(ASI) - Con la nuova manovra, il governo vorrebbe tassare i giganti del Web, da Google ad Amazon fino a Facebook, multinazionali che producono utili miliardari e pagano delle imposte minime.

 

Finora hanno sempre scampato il pericolo, grazie alla protezione delle rispettive lobby. In Italia, il tentativo dei precedenti governi di tassare i colossi della rete è fallito ma Confesercenti è appena tornata all’attacco: "L’evasione si combatte facendo pagare i giganti del web", ha detto la presidente Patrizia De Luise.

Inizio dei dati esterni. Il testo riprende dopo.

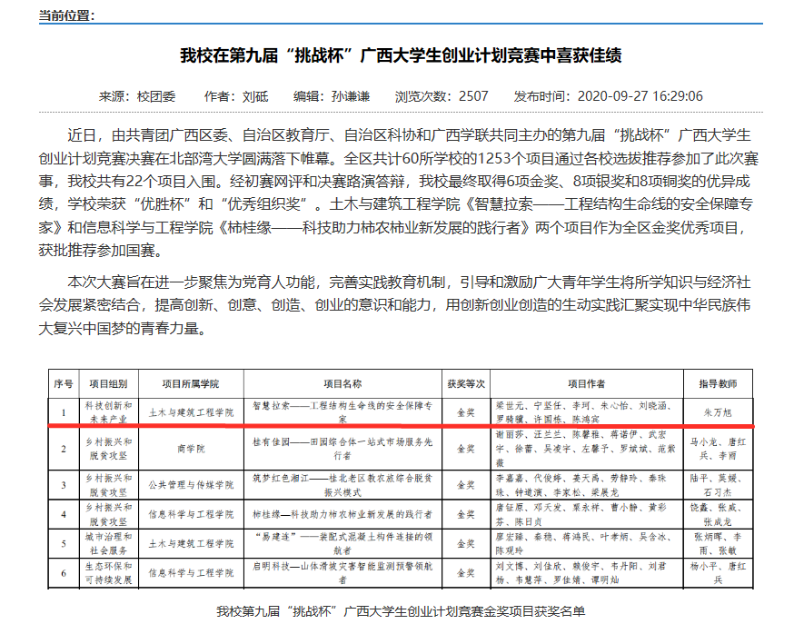 支部成员参与项目获得第九届“挑战杯”广西大学生创业计划竞赛区赛金奖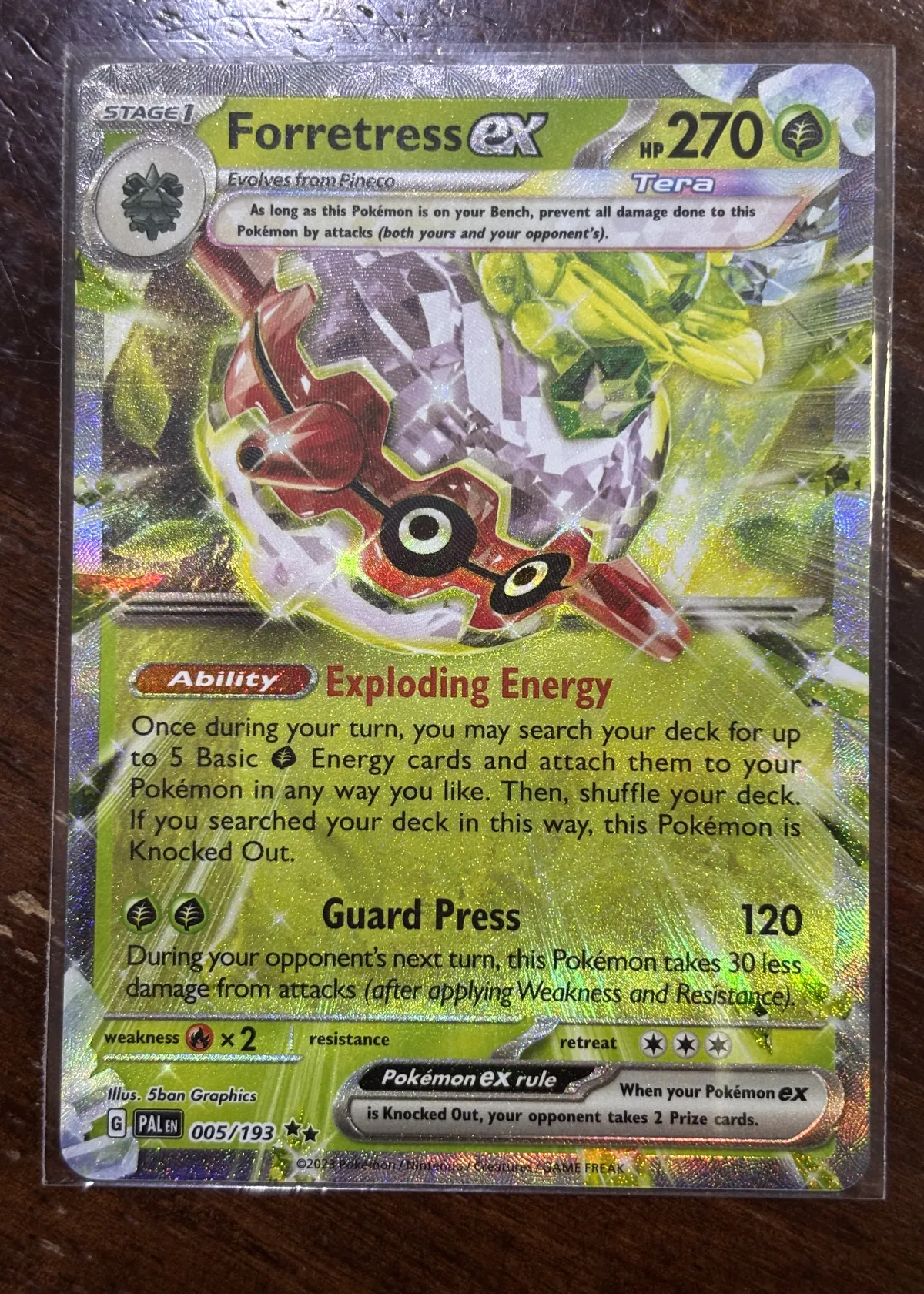 This Forretress ex card is from the 2023 Pokémon TCG set, numbered 005/193. It features a stunning full-art holographic foil design by 5ban Graphics, showcasing Forretress with Tera energy. The card is a Stage 1 Grass-type with 270 HP, notable for its Exploding Energy ability that allows deck searching for up to 5 Basic Grass Energy cards at the cost of knocking itself out. Its Guard Press attack deals 120 damage and reduces damage taken on your opponent's next turn.

Al ministero dell’Economia hanno deciso di copiare la ‘Gafe Tax’ dei francesi. Dal 2020 dovrebbe scattare anche in Italia un’imposta del 3% sui ricavi delle imprese digitali con fatturati superiori ai 750 milioni o con un valore della prestazioni di servizi digitali superiori ai 5,5 milioni. L’obiettivo è di far arrivare nelle casse dell’erario non meno di 600 milioni di euro. Le grandi aziende del web sono ‘apolidi’, vendono bit e prodotti immateriali che abbattono le barriere del tempo e dello spazio. Così diventa facile per loro aggirare il principio della ‘stabile organizzazione’, la norma cardine che consente di tassare le multinazionali dell’old economy.

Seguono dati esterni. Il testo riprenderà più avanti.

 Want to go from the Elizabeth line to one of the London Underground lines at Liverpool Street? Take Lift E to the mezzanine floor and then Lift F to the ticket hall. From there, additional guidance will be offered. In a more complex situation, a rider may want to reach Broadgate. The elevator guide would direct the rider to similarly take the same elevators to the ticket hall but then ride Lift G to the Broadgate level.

La scorsa settimana è toccato all’Ocse presentare una proposta di compromesso, cercando di cambiare le regole su chi ha il diritto di tassare i profitti: non più il Paese dove la multinazionale sceglie di dichiararli ma dove si trovano gli utenti consumatori. Il piano è arrivato sul tavolo del G20 e anche a Bruxelles si sta muovendo qualcosa, tanto che è stata addirittura varata una vera e propria direttiva sulla ‘Web Tax’.